El::Trsm() consumes too much memory when running on many CPUs.

`El::Trsm()` is used e.g. for computing `L^{-1} B` [in SDPB solver](https://github.com/davidsd/sdpb/blob/c39fd50686b1cc02851864cd5799c24daf20ea68/src/sdp_solve/SDP_Solver/run/step/initialize_schur_complement_solver/compute_Q.cxx#L48), and for `L_X^{-1} F_p` [in SDPA solver](https://github.com/davidsd/sdpb/blob/297b2cb0b5f3bc3a18765ca92a66c4150317be6e/src/sdpa_solve/SDP_Solver/run/step/compute_S.cxx#L108).
If a block is assigned to many CPUs, it may lead to huge memory consumption, sometimes more than ~10x compared to single-CPU case. This is probably the cause of some unexpected OOM crashes, since our memory estimates do not account for this factor.
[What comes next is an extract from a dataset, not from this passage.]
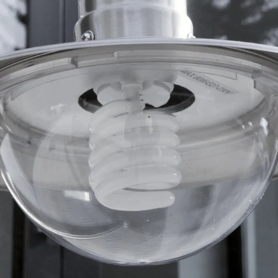Damion vejlampe virker lidt legende med sit buede stel og den halvrunde, nedadrettede polycarbonatskærm, der giver frit udsyn til pæren. Den stilfulde lampe i stål er velegnet til belysning af indkørsler og indgangsområder samt stier og trapper i offentlige parker eller i haven.

For wide matrices, memory overhead is roughly proportional to MPI grid height.
All CPUs are arranged as a 2D grid, and grid height is [defined](https://gitlab.com/bootstrapcollaboration/elemental/-/blob/51adc2b5980fa3b7e1a8d63c2b178e6627629014/src/core/Grid.cpp#L67-L73) as `min x | x >= floor(sqrt(num_cpus)) && num_cpus % x == 0`.
This means that memory consumption (and also performance) is especially bad when `num_cpus` is a big prime number (e.g. 13 or 17), which leads to 1D vertical grids (e.g. 13x1 or 17x1).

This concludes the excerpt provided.